Let T be a linear transformation such that $T(A)=-A^t$, in the space $M_{n \times n}^{\Bbb R}$, and $-A^t$ is donated as $-A$ Transpose, with the standard inner product.
- Find $T$'s Characteristic Polynomial and Minimal Polynomial.
- Find The Jordan Normal Form of T, when $trace(T)=-3$
I was able to prove that T is Unitarian since $T^2(A)=A \Rightarrow T^2(A)=I$
$T$ therefore satisfies the equation $A^2-I=0 \Rightarrow (t-1)(t+1)=0$
Therefore the eigenvalues of T are $\lambda \in \left \{-1,1 \right\}$ and T is Normal (Unitarian and all the eigenvalues equal $|(1)|$.

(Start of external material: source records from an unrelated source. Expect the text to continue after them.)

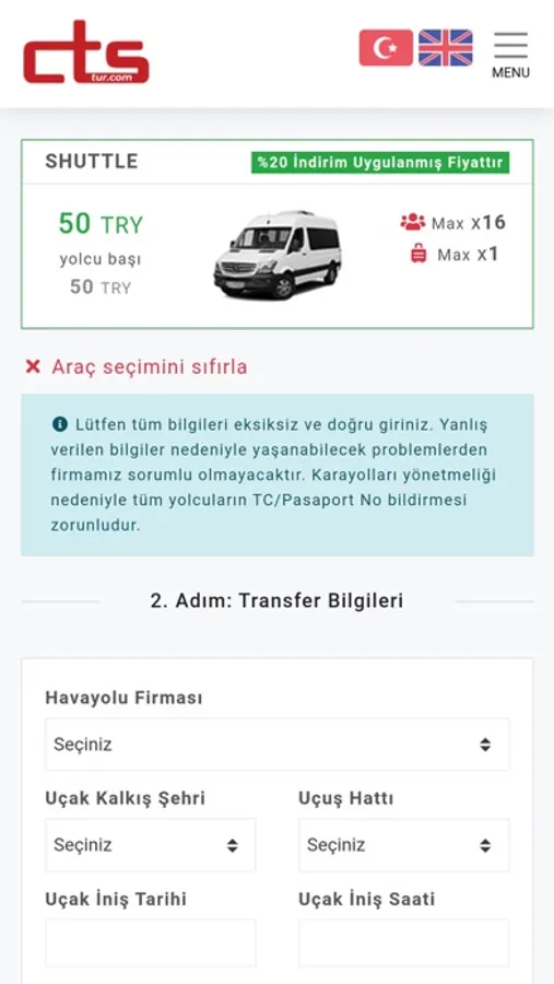 Akıllı rezervasyon uygulamamız havalimanı transferi ya da otobüs rezervasyonlarınızda aracın nerede olduğunu da takip edebilmenize olanak tanımaktadır.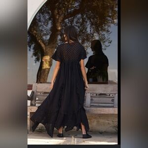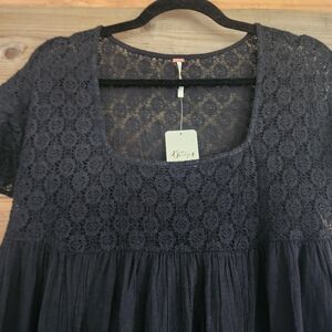 Romantic and ethereal, this sweet midi from our free-est collection is a true throw-on-and- tr go staple. *it:** Shapeless, babydoll- nspired silhouette *Features:** Square neckline, embroidered lace piecing, ruffle trimming throughout, back tie closure, flutte sleeves *Why We lt: * Laid back with sporty sneakers or elevated with sleek platforms, this style has endless ways to wear.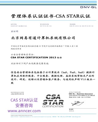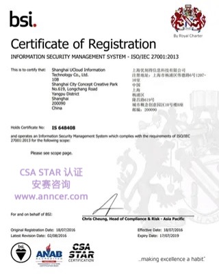CSA于2013年9月25日正式發(fā)布CSA STAR認證(Security,Trust & Assurance Registry)。它運用了ISO 27001管理體系標準的安全管控要求,結(jié)合CSA自身提出的云端控制矩陣(Cloud Control Matrix,CCM),以評分方式來展現(xiàn)云計算的安全程序。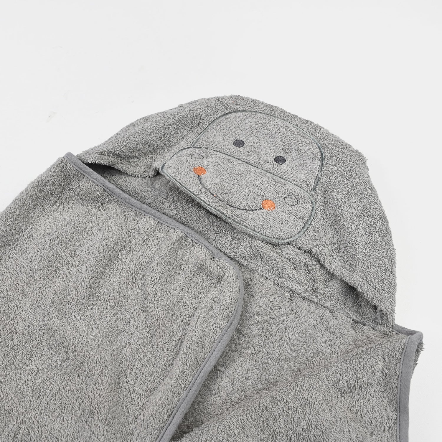 Soft cotton hooded towel designed for babies. Features excellent absorbency to quickly dry moisture while the hood provides extra warmth and coverage. Lightweight and breathable fabric is gentle on delicate skin, making it ideal for daily bath time use.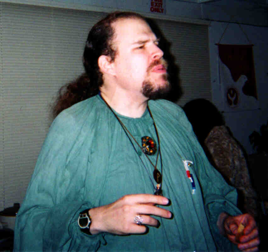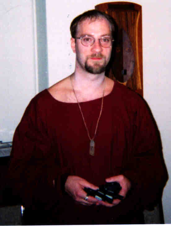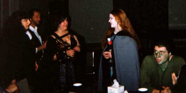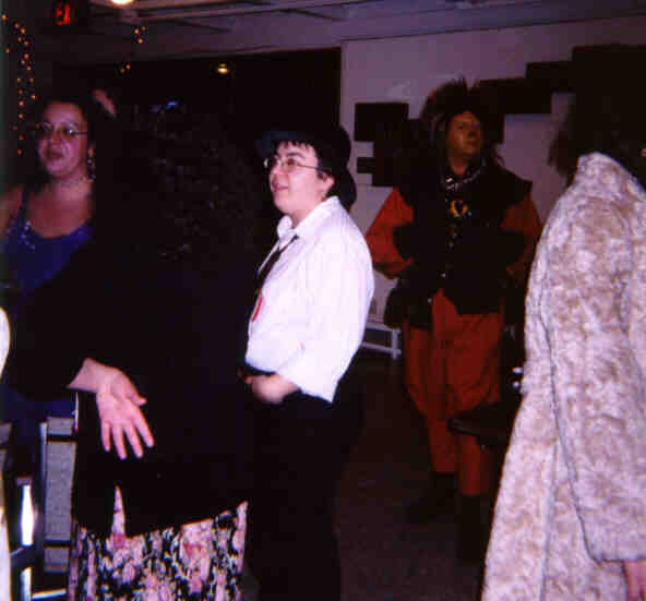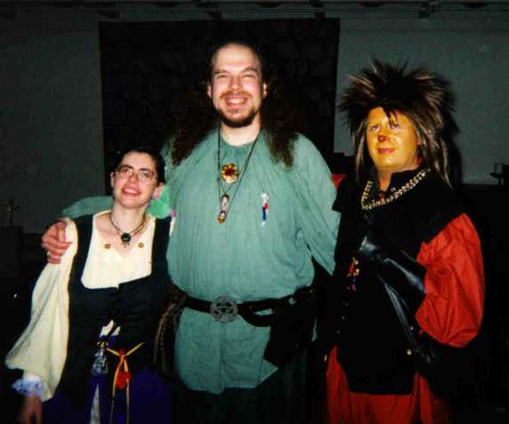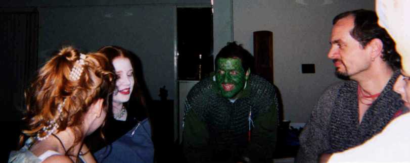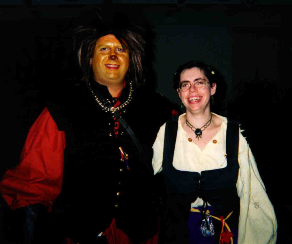 A high-resolution shot of John and Geela. They're both experienced role-players; note the details on their costumes. Look at John's make-up; that's not his real hair, it's a wig. Geela's costume was loaded with dangling pouches, mathoms, and nick-nacks that a Hobbit would carry. By the way, John and Geela win the longevity award: they were also at my 30th birthday party ten years ago. |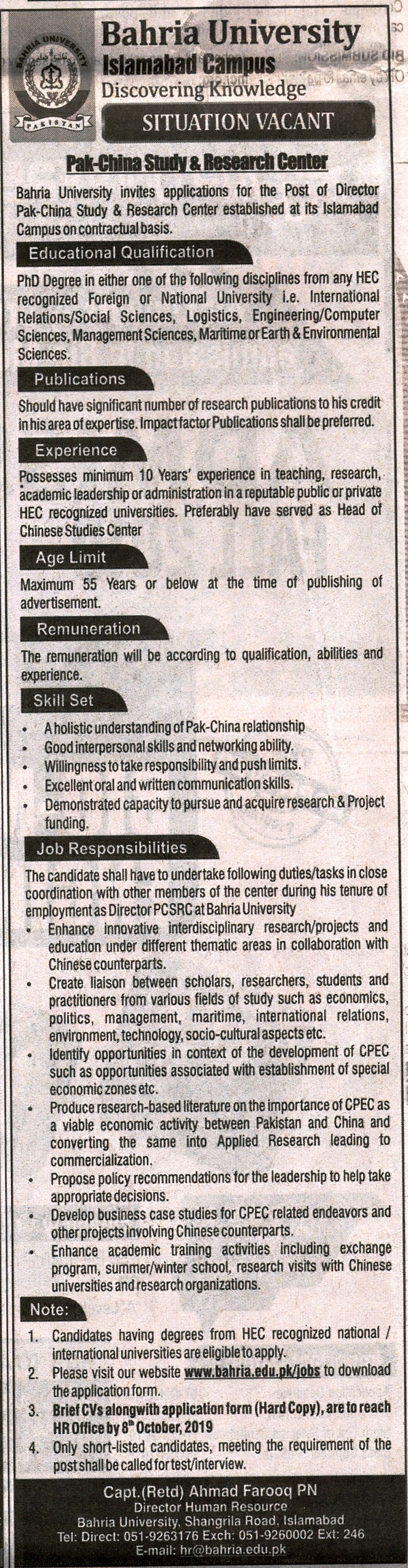 Director for Pak-China Study & Research Center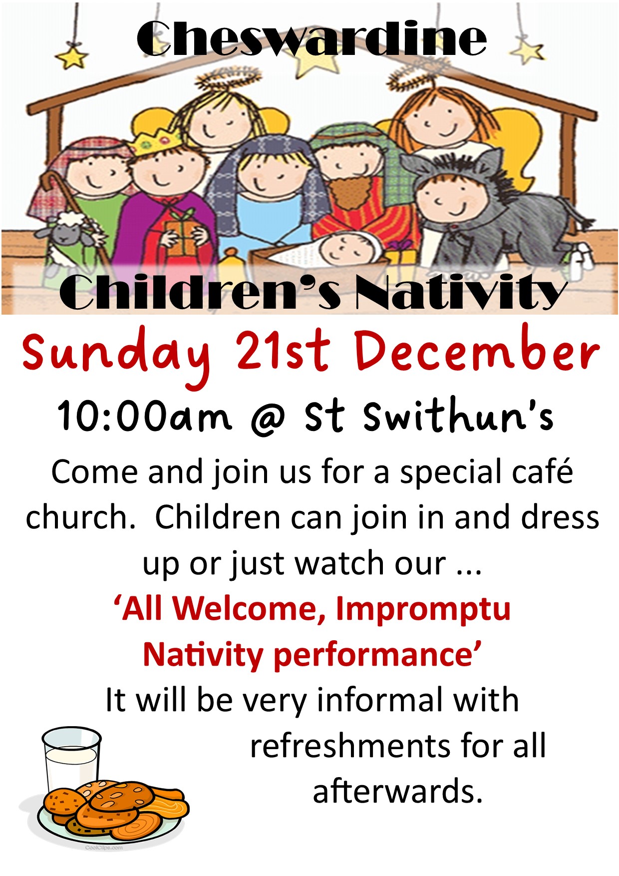 ‘All Welcome, Impromptu Nativity performance’ It will be very informal with refreshments for all afterwards.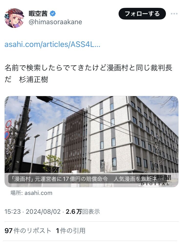漫画村と同じ裁判長だ…てどういう意味なん?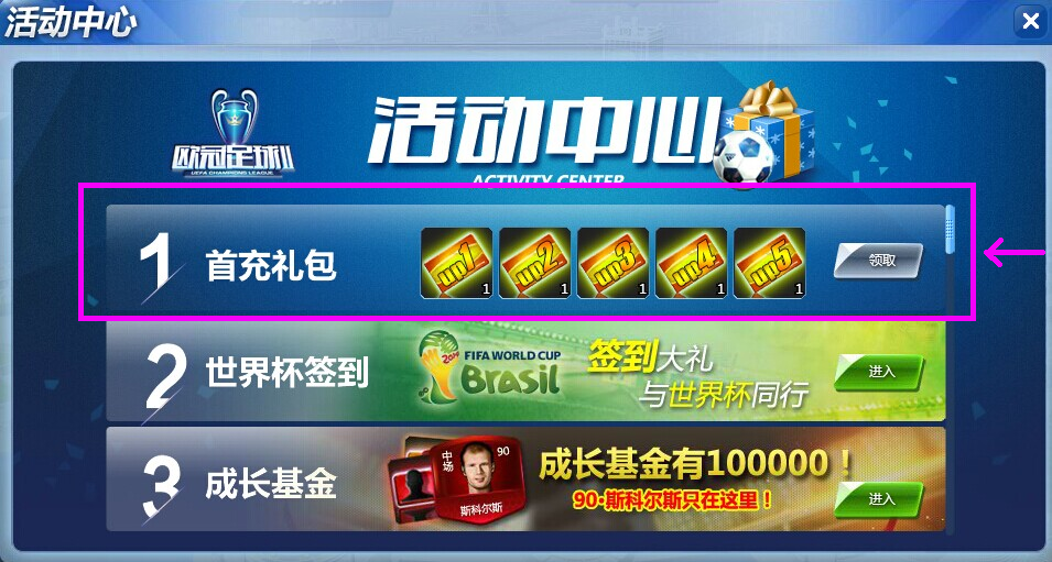 活动一、激情欧冠真情回馈——开服首日充值 豪夺金球奖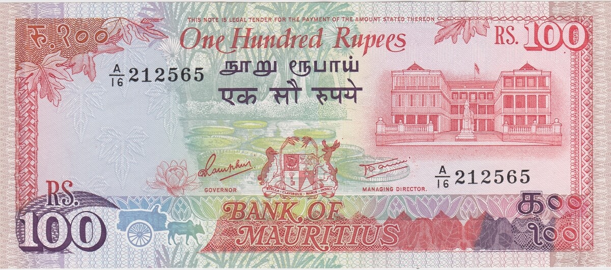 P38 Mauritius One Hundred Rupees Banknote. This one hundred rupees banknote was issued in 1986, with Prefix / Serial Number A over 16 212565.P38 Mauritius One Hundred Rupees Banknote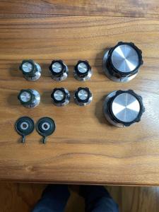 Tired of looking at those old beat up knobs on your otherwise nice Heathkit rig? I have just the fix you need! Two large and four small knobs are the rare dark green almost black color. Two are of the normal Heathkit green color. I also have two of the green tab knobs that are for switching between filters or adjusting the PA Load control. Small knobs are $10 each, large knobs are $25 each and tab knobs are $5 each. Buy all of them for $100. Shipping is included in price.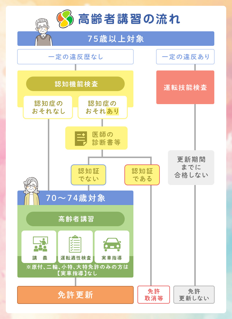 高齢者講習等受講通知書に記載のある区分に応じて、必要な検査・講習を受検・受講していただきます。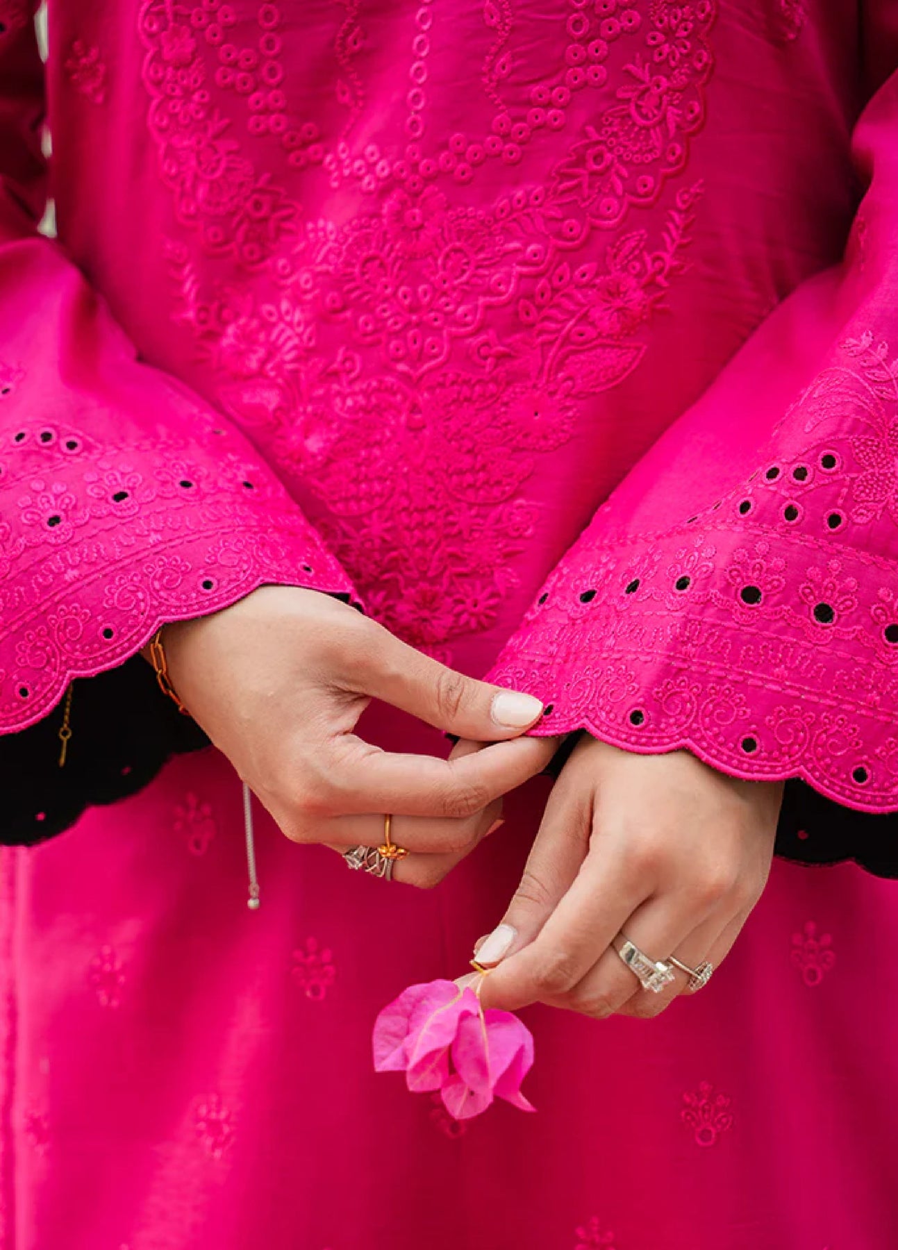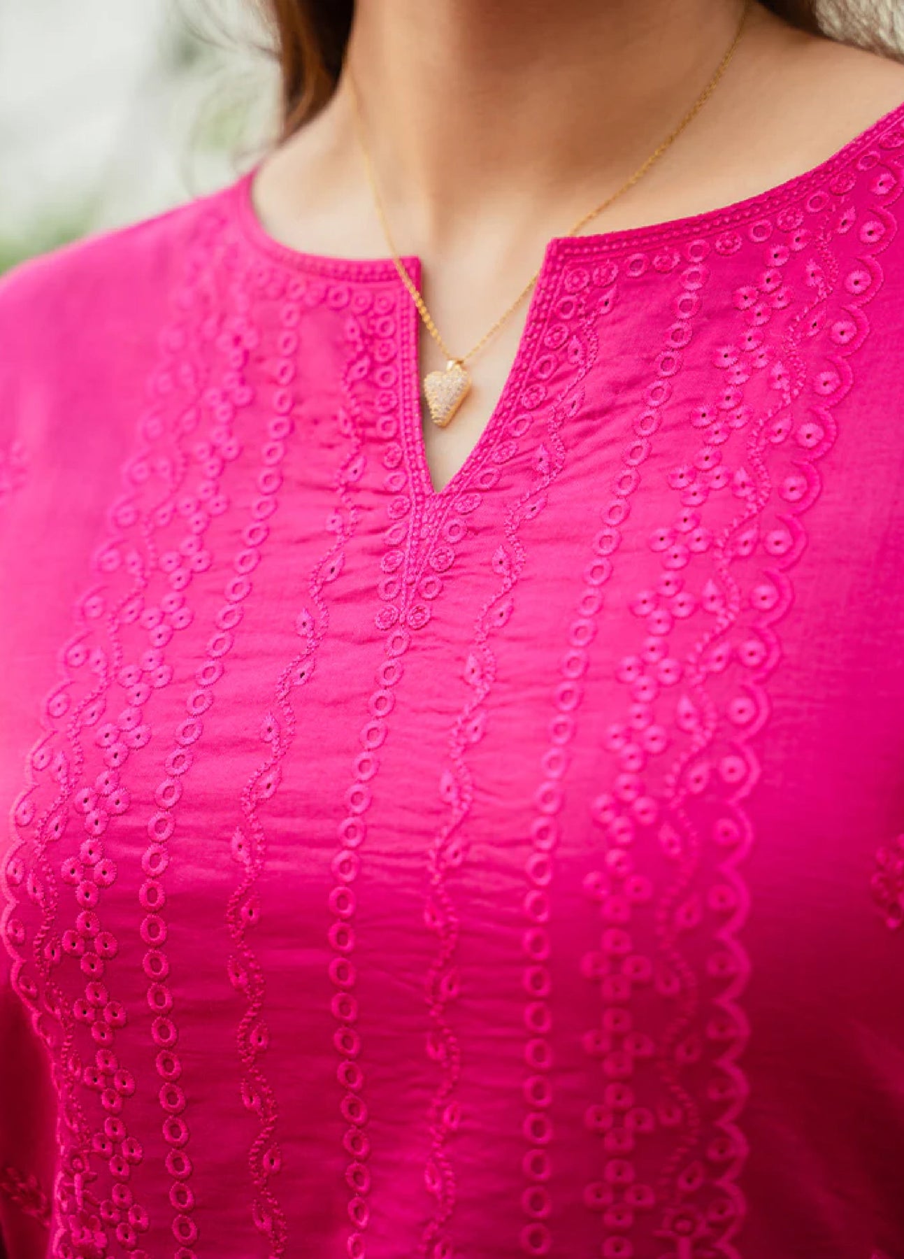 Floria is a statement two-piece set in a striking fuchsia pink base, crafted from premium lawn. The shirt is fully embroidered, showcasing intricate detailing that exudes timeless elegance. Chikankari embroidered lawn borders on the shirt and sleeves lend an artisanal touch, enhancing the richness of the design. Paired with a complementing cotton trouser, Floria is the perfect blend of vibrant charm and refined sophistication.

However this is the best I could do here. I know the characteristic polynomial is supposed to be $$P_A=(t-1)^i(t+1)^{n-i}$$
But what is the minimal polynomial? How do I determine Jordan Normal Form?
Thanks,
Alan
I believe I can solve the question with the following:
$$T(A)=-A^t \Rightarrow T^2(A)=(-A^t)(-A^t)=A \Rightarrow T^2=I$$
Therefore we can say the minimal polynomial is:
$$(t^2-1)=(t-1)(t+1)$$
Therefore the eigenvalues are $t=1, t=-1$.
In addition: $$TT^*(A)=(-A^t)(A)=T*T^2=T*I=T$$
$$T^*T(A)=A(-A^t)=T^2*T=I*T=T$$
So $T$ is Normal, and thus Unitarian (eigenvalues are $t=|1|$).
The dimension of the symmetric and anti symmetric matrices is known:
$$S_N=\frac{n(n+1)}{2}$$ $$A_N=\frac{n(n-1)}{2}$$
Therefore the characteristic polynomial is $$P_A=(t-1)^{\frac{n(n-1)}{2}} * (t+1)^{\frac{n(n+1)}{2}}$$
From the fact that trace=$-3$ and that the trace is the sum of eigenvalues, we solve the equation $$1*\frac{n(n-1)}{2} + (-1)*\frac{n(n-1)}{2} \Rightarrow n=3$$
Therefore, $$P_A=(t-1)^3(t+1)^6$$
And the Jordan Normal Form is $$J_A=J_6(-1), J_3(1)$$